*** Block opens ***

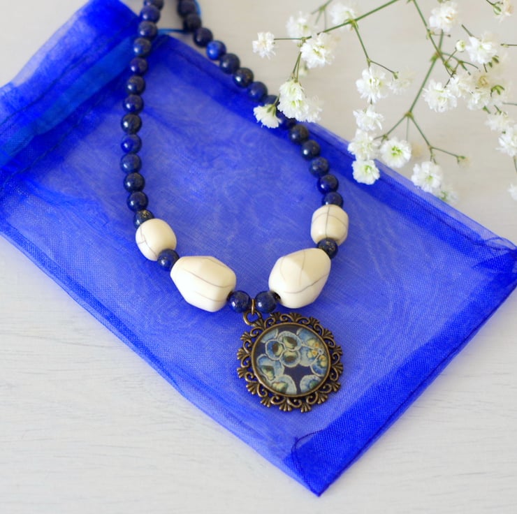 Navy Blue Pendant Necklace with Flowers Art Print and Lapis Lazuli Gemstones
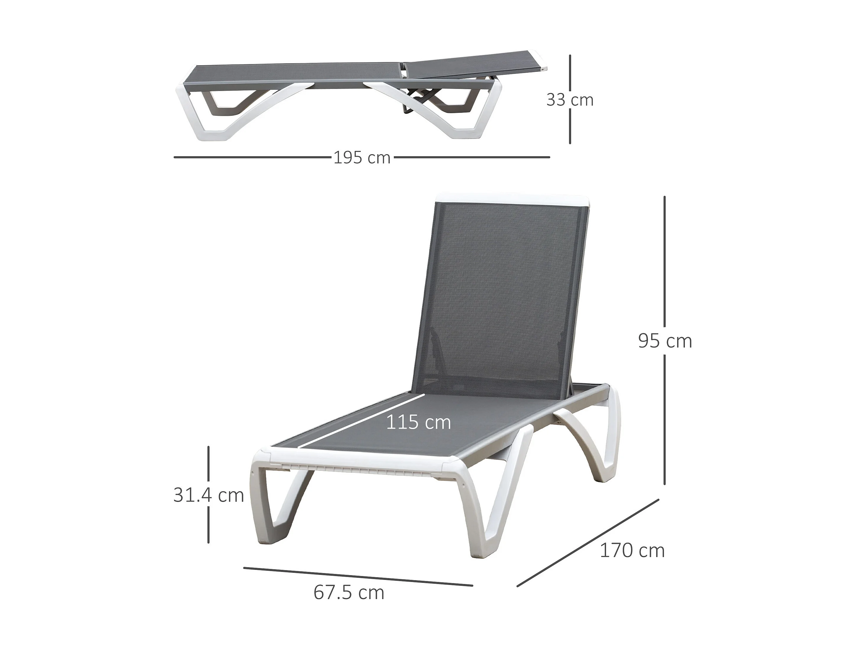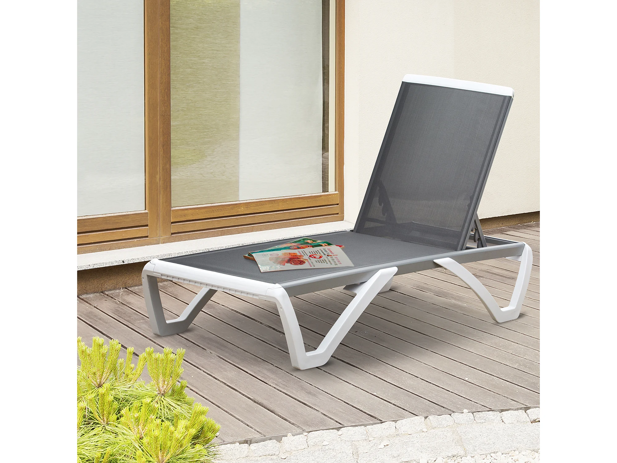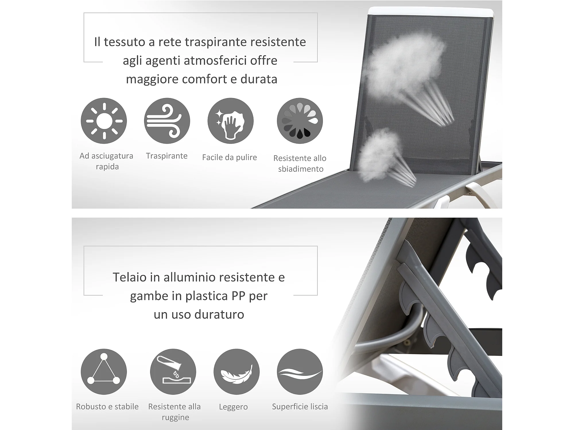 Lettino prendisole con schienale reclinabile su 5 livelli e rotelle
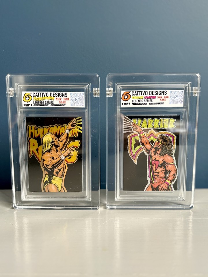 These are my custom 1/1 collector cards from the Cattivo Designs Legends Series. Hulkamania on one side. The Ultimate Warrior on the other. Both capturing that unforgettable pose from the moment the two icons collided.
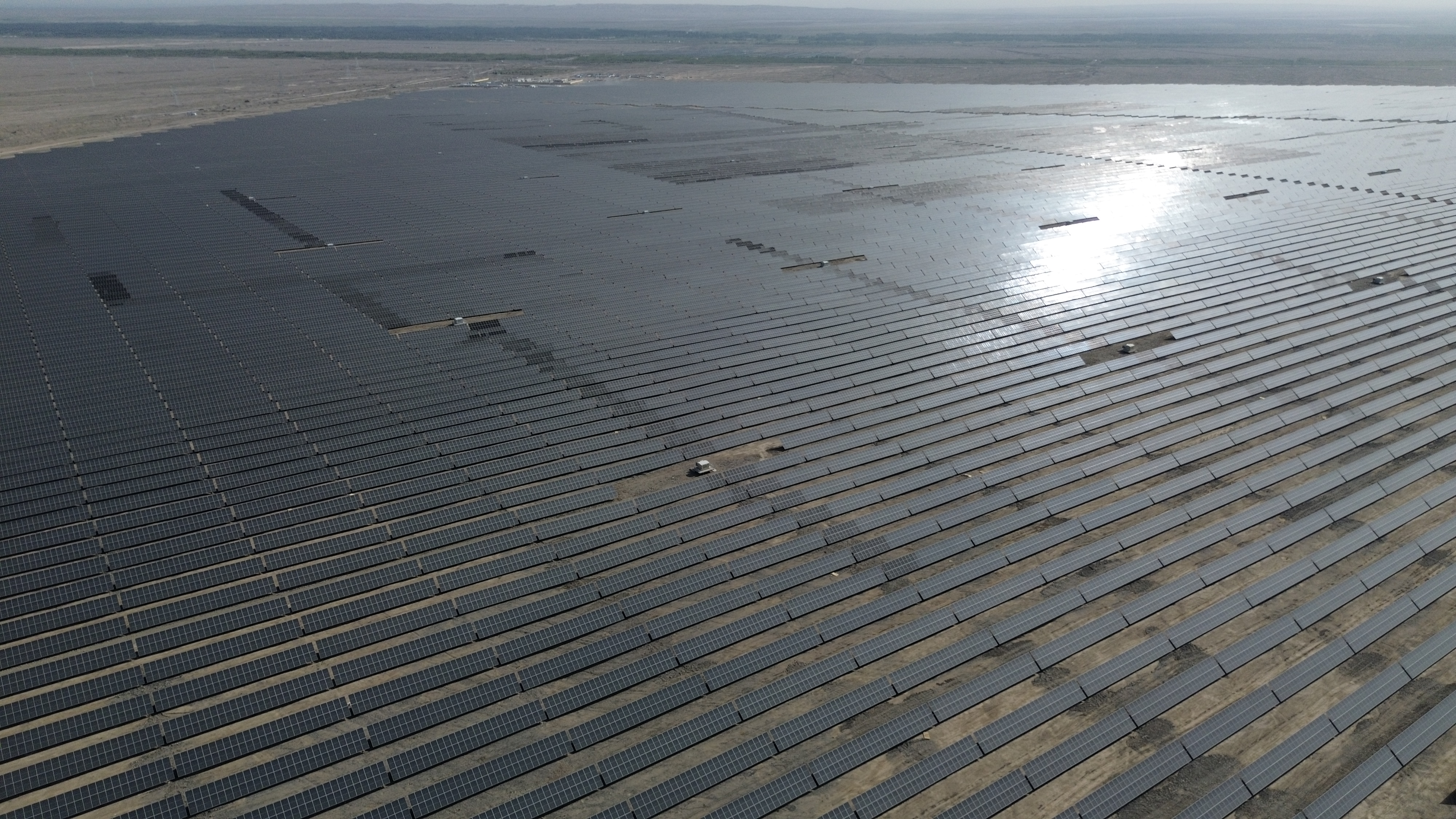 放眼望去,近20万块光伏板在1.7万亩的广袤戈壁上整齐铺展,构成一片蔚为壮观的“蓝色方阵”,在炽烈阳光的照射下熠熠生辉,成为塔克拉玛干沙漠西缘一道亮丽的风景线。葛洲坝路桥公司的追光者们战风沙、斗酷暑,在荒芜戈壁中描绘出一幅壮丽的绿色画卷。
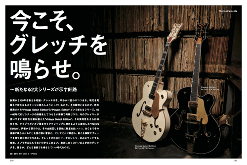 創業から134年を数える老舗・グレッチは今、明らかに変わりつつある。現代を見据えて新たなるステージに突入しようとしているのだ。その証明となるのが、昨年発表された"Vintage Select Edition"と"Players Edition"という新たなシリーズ。50~60年代のビンテージの外観をとてつもない情熱で再現しつつ、今のプレイヤーが使いやすい実用性を兼ね備えた"Vintage Select Edition"。その実用性をさらに特化させ、ライブでガンガン歪ませてアグレッシブに弾けるように進化した"Players Edition"。両者から漂うのは、その由緒正しき伝統に敬意を払いつつ、あくまで今の音楽で鳴らされることを望む強い意志だ。そしてそれに呼応し、新たな解釈でグレッチを持つ者も増えつつある。グレッチがロカビリーやカントリーのみにマッチする楽器、という考えはもう古いのかもしれない。最高にカッコいいあこがれのグレッチを、誰もが、どんな音楽でも鳴らしていい時代なのだ。
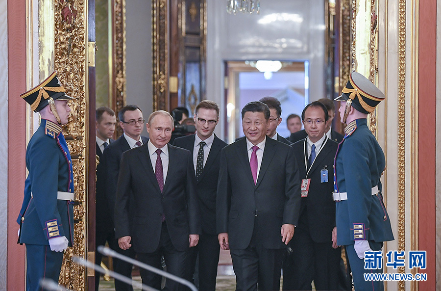 6月5日,国家主席习近平在莫斯科克里姆林宫同俄罗斯总统普京会谈。这是两国元首步入会场。新华社记者 谢环驰 摄
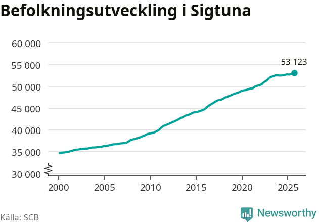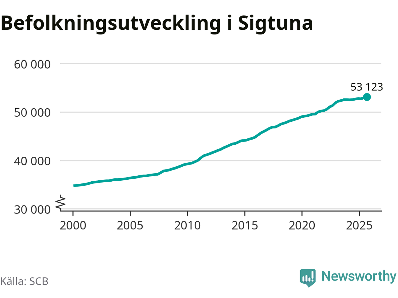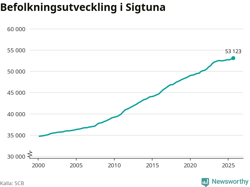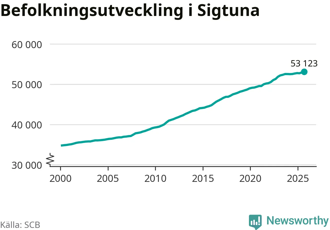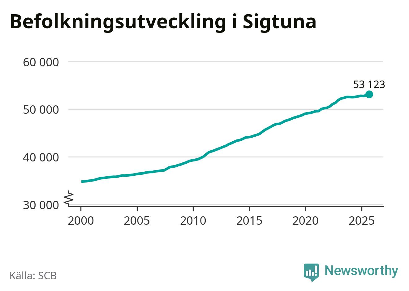 Befolkningen ökade i Sigtuna kommun under det tredje kvartalet 2025. Den 30 september bodde enligt SCB:s senaste siffror 53 123 personer i kommunen, vilket är 197 fler än i slutet av andra kvartalet.
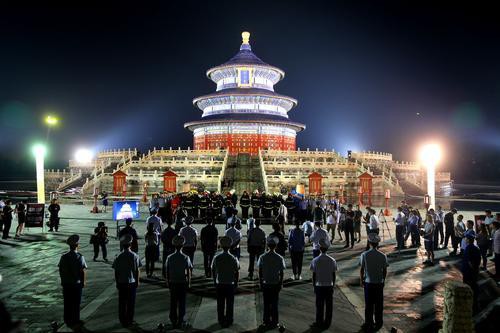 2019年9月6日晚,消防隊員從祈年殿四個方向架設移動水炮、消防機器人和云梯車對祈年殿起火部位進行撲救。當晚,北京東城消防支隊聯合天壇公園舉辦了文物古建應急救援綜合演練。此次演練,包括人員疏散、搶救文物、滅火救援等突發事件的處置,歷時約40分鐘。
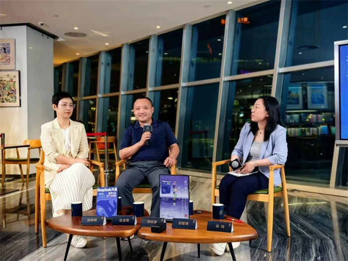 7月19日19点,《DeepSeek风暴:重塑内容生产与传播》线下新书分享会在北京SKPRENDEZ-VOUS书店拉开帷幕。没有沉闷的学术报告,也没有冗长的理论讲解,而是一场轻松、深入、充满人文关怀的思想碰撞。中国传媒大学出版社社长张毓强教授、北京体育大学新闻与传播学院院长李岭涛教授,以及本书两位作者张凌霄、赵琳琳,中国传媒大学媒体融合与传播国家重点实验室新媒体研究院副研究员徐琦展开了一场有深度、有温度的对话。
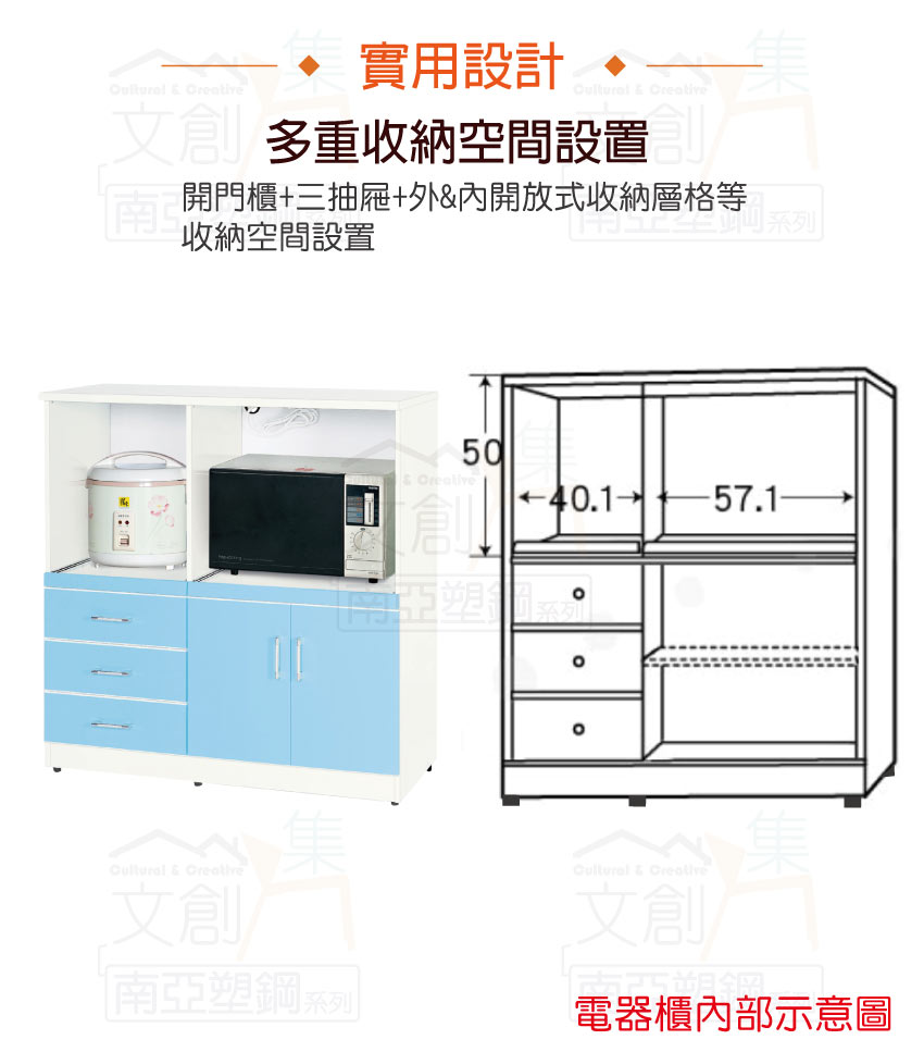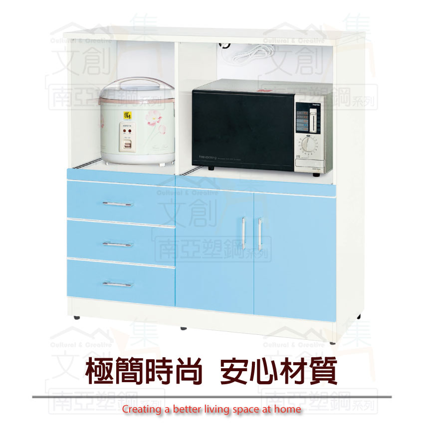 【文創集】安莉 環保3.6尺南亞塑鋼二門三抽層架中餐櫃/收納櫃 產品採用第一品牌-台製南亞塑鋼舒美板+五金滑軌結構材質,整體材質採用防水+防燃+無甲醛安心塑鋼材質製造 ,搭配開門櫃+三抽屜+內&外開放式層格+拉合式層架等便利收納空間設計,防止受潮,增加支撐力,堅固不會塌陷,全由專人配送到家,專業安心服務,替你省下更多時間!
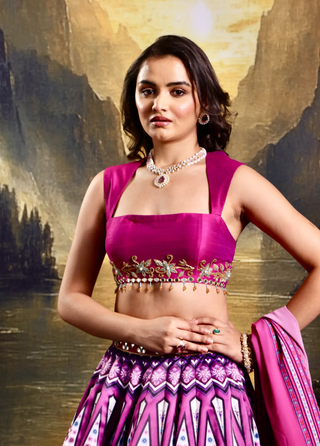 Pink satin printed lehenga with a hand-embroidered blouse & dupatta
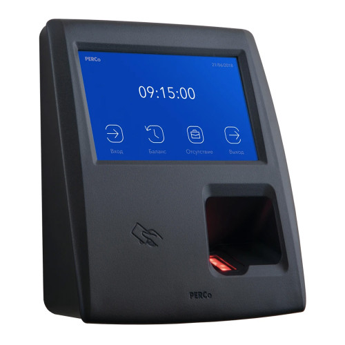 Терминал УРВ PERCo CR11.1 укомплектован мультиформатным (EM-Marin, HID, Mifare, NFC) считывателем, сканером отпечатка пальца, сенсорным ЖК-дисплеем.
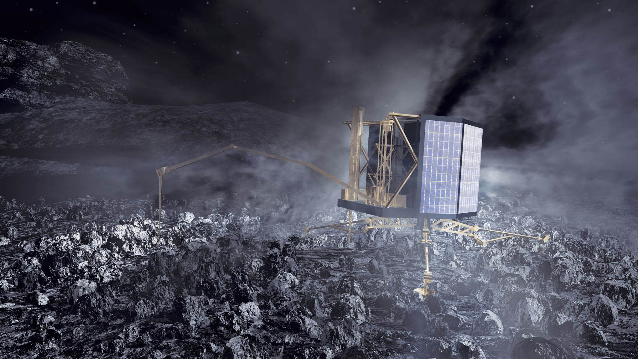 Künstlerische Darstellung der Landung der Sonde auf einem Kometen

*** Block closes ***

#### Task instructions:
Only the lines from the one that contains "7月19日19点,《Deep" through the last line of the records may appear in the answer, retyped exactly and with no pictures.

#### Output for this task:
 7月19日19点,《DeepSeek风暴:重塑内容生产与传播》线下新书分享会在北京SKPRENDEZ-VOUS书店拉开帷幕。没有沉闷的学术报告,也没有冗长的理论讲解,而是一场轻松、深入、充满人文关怀的思想碰撞。中国传媒大学出版社社长张毓强教授、北京体育大学新闻与传播学院院长李岭涛教授,以及本书两位作者张凌霄、赵琳琳,中国传媒大学媒体融合与传播国家重点实验室新媒体研究院副研究员徐琦展开了一场有深度、有温度的对话。
 【文創集】安莉 環保3.6尺南亞塑鋼二門三抽層架中餐櫃/收納櫃 產品採用第一品牌-台製南亞塑鋼舒美板+五金滑軌結構材質,整體材質採用防水+防燃+無甲醛安心塑鋼材質製造 ,搭配開門櫃+三抽屜+內&外開放式層格+拉合式層架等便利收納空間設計,防止受潮,增加支撐力,堅固不會塌陷,全由專人配送到家,專業安心服務,替你省下更多時間!
 Pink satin printed lehenga with a hand-embroidered blouse & dupatta
 Терминал УРВ PERCo CR11.1 укомплектован мультиформатным (EM-Marin, HID, Mifare, NFC) считывателем, сканером отпечатка пальца, сенсорным ЖК-дисплеем.
 Künstlerische Darstellung der Landung der Sonde auf einem Kometen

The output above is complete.